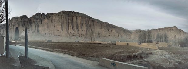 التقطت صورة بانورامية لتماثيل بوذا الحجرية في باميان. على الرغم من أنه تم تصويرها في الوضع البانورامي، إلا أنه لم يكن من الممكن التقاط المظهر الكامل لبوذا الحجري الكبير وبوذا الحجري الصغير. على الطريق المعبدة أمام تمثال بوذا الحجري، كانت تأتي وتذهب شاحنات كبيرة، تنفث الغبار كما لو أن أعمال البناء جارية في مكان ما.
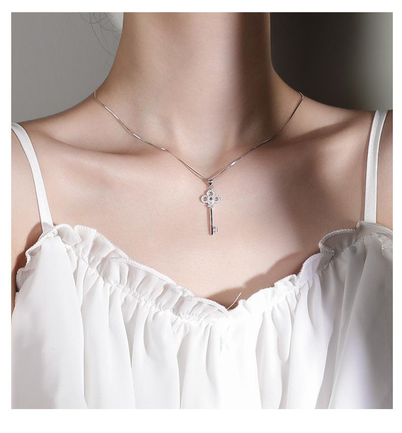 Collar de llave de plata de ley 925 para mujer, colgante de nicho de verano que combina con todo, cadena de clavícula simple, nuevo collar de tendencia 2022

--

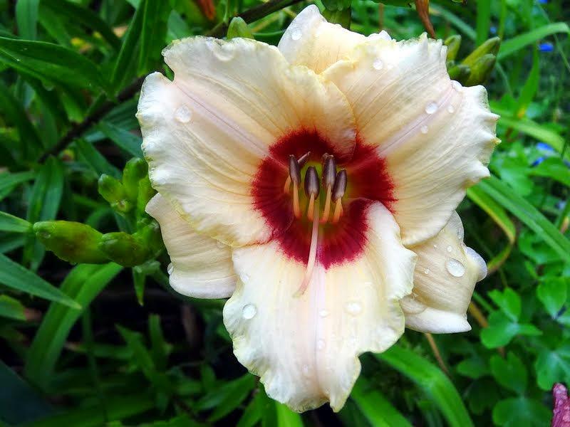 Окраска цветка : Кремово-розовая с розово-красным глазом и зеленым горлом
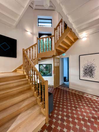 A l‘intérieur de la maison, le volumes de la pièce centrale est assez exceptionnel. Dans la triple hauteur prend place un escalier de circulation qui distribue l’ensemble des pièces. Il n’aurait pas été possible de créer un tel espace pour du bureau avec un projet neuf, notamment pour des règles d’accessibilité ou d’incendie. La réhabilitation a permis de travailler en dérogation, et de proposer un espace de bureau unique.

## Your assignment
From the data above, retype only the lines starting with the line with "التقطت صورة بانورامية" and going on through the line with "Collar de llave", exactly, leaving out the pictures.

## Reply to the exercise
 التقطت صورة بانورامية لتماثيل بوذا الحجرية في باميان. على الرغم من أنه تم تصويرها في الوضع البانورامي، إلا أنه لم يكن من الممكن التقاط المظهر الكامل لبوذا الحجري الكبير وبوذا الحجري الصغير. على الطريق المعبدة أمام تمثال بوذا الحجري، كانت تأتي وتذهب شاحنات كبيرة، تنفث الغبار كما لو أن أعمال البناء جارية في مكان ما.
 Collar de llave de plata de ley 925 para mujer, colgante de nicho de verano que combina con todo, cadena de clavícula simple, nuevo collar de tendencia 2022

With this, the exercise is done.